Juegos del tiempo

Por: Mario Valverde M.

Uno de los gritos más esperados era el del vecino amigo:

-Vení a jugar.

El grito de la barra movía todos los deseos. No había otra motivación.  Ni siquiera la tarea de la escuela. No más era asomarse por la ventana, con la señal de la mano avisar que ya iba. Correr, avisar a la mamá que ya veníamos.  Ese “ya veníamos”,  podían ser las horas de todo el día, con el grito del mediodía, del “vení a comer”. Tragarse la comida, el recordatorio del “ya hiciste la tarea” y corra de nuevo a la calle. El concepto de calle era sinónimo de libertad. Era el espacio para socializar, luchar, pelear, compartir, competir, activar todas las neuronas y todas las estrategias cognitivas de las inferencias, analogías, competencias, y todos los músculos posibles, aun con el riesgo de las chililladas por pasarnos de la hora. Me puse a hacer una lista de los juegos: mejenga, salvo al tarro, puro, ladrones y policías, encumbrar papelotes, tirar con la flecha, palillos chinos, jalar con un palo el aro de bicicleta, meterse debajo de la llanta, irse a bañar en pozas, andar en bici, cromos, chócolas, rayuela, volar aviones de papel y navegar barquitos de papel por los caños, después de las lluvias o con ellas, cazar mariposas o buscar barro de hoya para hacer muñecos y comprar postales para llenar los álbumes de jugadores o peleadores de lucha libre. El tiempo se extendía hasta el horizonte de cada día.

 

La calle cambió

Ahora la calle cambió y más la calle de noche, es un lugar de peligro constante y permanente. Por otro lado, los juegos se metieron en la casa, en los cuartos. Se metieron en los juegos virtuales. Los amigos y las cosas están y no están. Se produjo un aislamiento,  es una nueva forma de socializar. No la critico. Mis hijas y mis nietos la viven. En el nombre de dos o más se unen, apartan a los demás y empieza el juego de luces, velocidades y sonidos. Ahora ya no se acostumbra hablar por teléfono, la voz cada vez, queda más lejana.

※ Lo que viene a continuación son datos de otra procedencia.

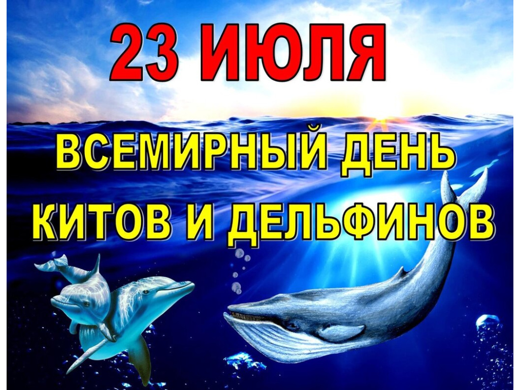 Ежегодно 23 июля отмечается Всемирный день китов и дельфинов.Этот праздник был учрежден в 1986 году, когда начал действовать запрет на китовый промысел, введённый 23 июля 1982 года Международной китобойной комиссией.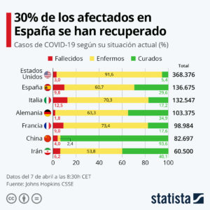 Desde el mes de abril ha comenzado a reducirse el número de contagios y de muertes diarias por la enfermedad del coronavirus en España. Tal y como muestra este gráfico de Statista, un 29,6% de las personas registradas como enfermas del virus SARS-CoV-2, casi 40.500 en total, un 30% de los casos notificados, ya se consideran curadas a fecha del 7 de abril a las 8:30h. Y la curva, sutilmente se aplana.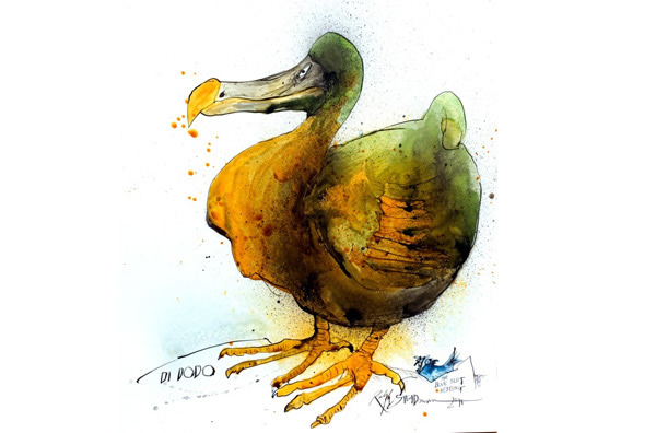 图2 渡渡鸟(Dodo)。印度洋毛里求斯岛上一种不会飞的鸟,在被人类发现后仅仅200年的时间里,便由于人类的捕杀和其他活动的影响彻底绝灭,堪称是除恐龙之外最著名的已灭绝动物之一。(绘画Ralph Steadman)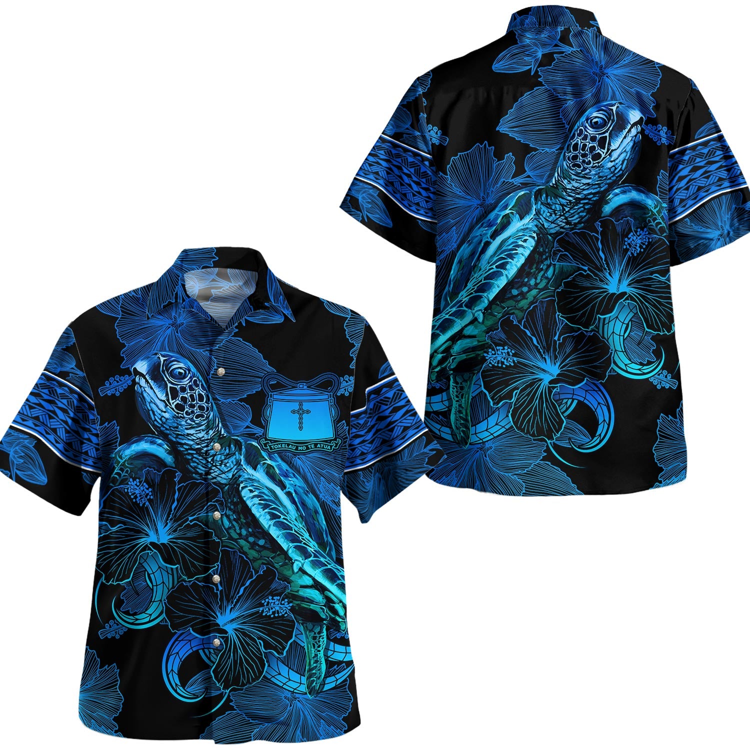 Tokelau Combo Puletasi And Shirt Sea Turtle With Blooming Hibiscus Flowers Tribal Blue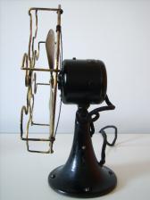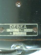 Baujahr: ca. 1930 Breite: ca. 25 cm, Tiefe: ca. 15 cm, Höhe: ca. 31,5 cm Flügeldurchmesser: ca. 21 cm, Gewicht: ca. 1,96 kg Spannung: 220 V, Leistung: 40 W, Stufen: 1 Gehäusematerial: Motorgehäuse und Ständer aus schwarz lackiertem Metall Bemerkung: Bisher sind von der Firma Degea zwei unterschiedliche Gelenkfächer- Typen bekannt, die sich in folgenden Punkten unterscheiden: - Typenschild: Bei Typ 1 ist der gesamte Firmenname großgeschrieben (DEGEA). Bei Typ 2 ist lediglich der Anfangsbuchstabe großgeschrieben (Degea). Bei Typ 1 findet man auf dem Typenschild noch Angaben zur Spannung (V) und die Angaben der Leitung (W) und eine Herstellungsnummer. Bei Typ 2 findet man zusätzlich noch eine Nr., die als Typenbezeichnung gedeutet werden kann (z.B. 571, oder 4122), die ich jedoch als solche nicht verwende, da sich die dazugehörigen Ventilatoren bis ins letzte Detail gleichen. Bauliche Besonderheiten: - Lage der Stromabnehmer: Bei Typ 1 befinden sich die Stromabnehmer am Motorgehäuse hinten, beim Typ 2 vorne. - Lage der Motorabdeckung: Das Motorgehäuse ist bei beiden Typen zweischalig aufgebaut (Motorabdeckung und Motorgehäuse) mit dem Unterschied, dass sich bei Typ 1 die Motorabdeckung hinten am Motorgehäuse und beim Typ 2 vorne am Motorgehäuse befindet. Bei Typ 1 ist durch Motorabdeckung hinten, die Motorwelle nicht sichtbar. Bei Typ 2 ist sowohl das Lager als auch die Welle von hinten gut sichtbar. - Halterungen des Schutzkorbes. Bei Typ 1 sind diese Halterungen gerade und vorne am Motorgehäuse montiert. Bei Typ 2 sind die L-förmig und um das Motorgehäuse herum montiert. - Rotor: bei Typ 1 ist der Rotor aus goldfarbig lackiertem Aluminium, bei Typ 2 aus Messing Bisher bekannt sind mir folgende Typen: Degea Gelenkfächer Typ 1 (35W), Degea Gelenkfächer Typ 1 (40W), Degea Gelenkfächer Typ 2 (35W). Alle Typen haben einen An-/Ausschalter am Standfuß. |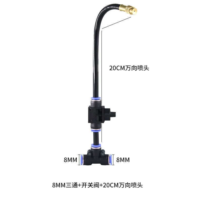 8mm三通+开关阀+20cm万向喷头
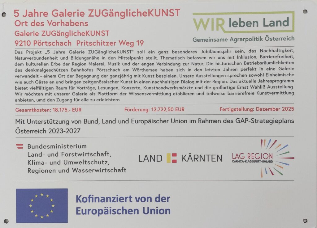 2025 fand die 5-Jahres-Galerie-Feier mit der großartigen Sonderausstellung Ernst Wahliß statt, dieses Projekt wurde vom Land und der EU gefördert.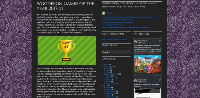 As I started compiling my list of video games I’ve played in 2018, I realised that a significant portion of the games I’ve invested my time and enjoyment into have been out for over a year. Anyone who reads my blog with any regularity will probably already know which ones I’m talking about.

Ahora se trata de mensajear (posiblemente este verbo no exista, disculpen). Es preferible verse en el mall que en las calles. Se juega bajo techo fútbol 5. Los juguetes desaparecen con las constantes innovaciones que no da tiempo para “sacarles el jugo”, y con mucho mayor razón cuando se trata de los cambios tecnológicos. Los celulares cambian dos o tres veces en un año. Ahora se trata de hablar y el aparatito trasmite el mensaje escrito. Los ídolos de la música, no más ponen una canción por la radio, otros cuatro ya le están poniendo el zapato encima. Todos somos cada vez más viejos en relación con una u otra generación. Los niños nacen con un chip incorporado para conocer de las viejas tecnologías, los viejos de treinta o cuarenta años y ni se diga de más de cincuenta, son vistos como animales en vía de extinción tecnológica. El dicho de que nada es para siempre, es más válido ahora que nunca. El tiempo tiene otro sabor. Si la señal para internet dura unos pocos segundos, la reacción de descontento de la generación de las altas velocidades es de inmediato: ese es el tiempo de nuestros hijos y nietos.